Technical Aspect	What ACE Contributes
Integration	Works as a natural extension of AVX10
Core Operation	Outer product for matrix acceleration
Compute Density	Up to 16 times higher than an equivalent AVX10 operation
Native Formats	INT8, OCP FP8, OCP MXFP8, OCP MXINT8, BF16
New State	8 tile registers and one block scale register
Target Software	Compilers, debuggers, profilers, HPC libraries, and machine learning frameworks

This approach has a strategic interpretation. AMD and Intel are not trying to turn every x86 CPU into a GPU or dedicated NPU, but they want the general-purpose processor to have better tools to execute relevant parts of AI workloads. This can be beneficial in laptops, workstations, servers, HPC environments, and systems where moving every operation to specialized hardware doesn’t always make sense.

From Laptop to Data Center

One of the most important messages in the whitepaper is scalability. ACE is presented as a matrix acceleration architecture applicable from laptops to data center servers. The idea is for developers to have a more unified base within the x86 world, rather than relying on fragmented solutions or incompatible extensions between manufacturers.

This does not mean ACE will replace GPUs, AI accelerators, or NPUs. The largest training workloads and many inference tasks will continue to utilize specialized hardware.
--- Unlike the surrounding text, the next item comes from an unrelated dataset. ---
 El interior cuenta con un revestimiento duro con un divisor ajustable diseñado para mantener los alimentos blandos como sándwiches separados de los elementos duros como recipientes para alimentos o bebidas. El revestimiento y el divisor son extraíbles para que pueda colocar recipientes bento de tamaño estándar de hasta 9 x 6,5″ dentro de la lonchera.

But it can reduce friction in hybrid operations, preprocessing, auxiliary kernels, local inference, numerical libraries, or parts of models where the CPU still plays an important role.
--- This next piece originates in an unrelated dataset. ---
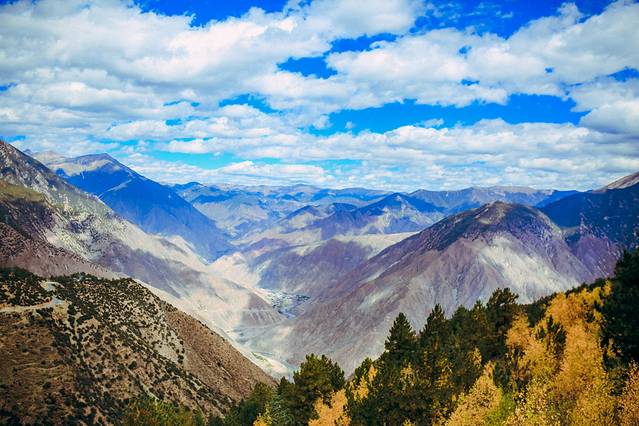 然乌,意为“尸体堆积在一起的湖”。听起来有些惊悚,而真正到了那里,给你的绝对是如临仙境的惊喜!去往然乌湖路上的秋色,秒杀很多内地的景区。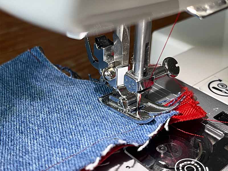 • Als je een ritsvoet hebt gebruikt, is het nu tijd om terug te schakelen naar de gewone voet.

The document also explains that ACE presents itself to software as a new “palette” within the AMX framework, allowing reuse of parts of the system programming model and related OS support. This technical choice is important as it lowers the barrier for adoption in low-level software.

In terms of data formats, ACE adopts popular AI formats including INT8, BF16, and OCP MX formats. Support for OCP MX is particularly interesting because it includes inline block scaling—a technique designed for low-precision formats that helps reduce bandwidth and memory usage without sacrificing much utility in modern models.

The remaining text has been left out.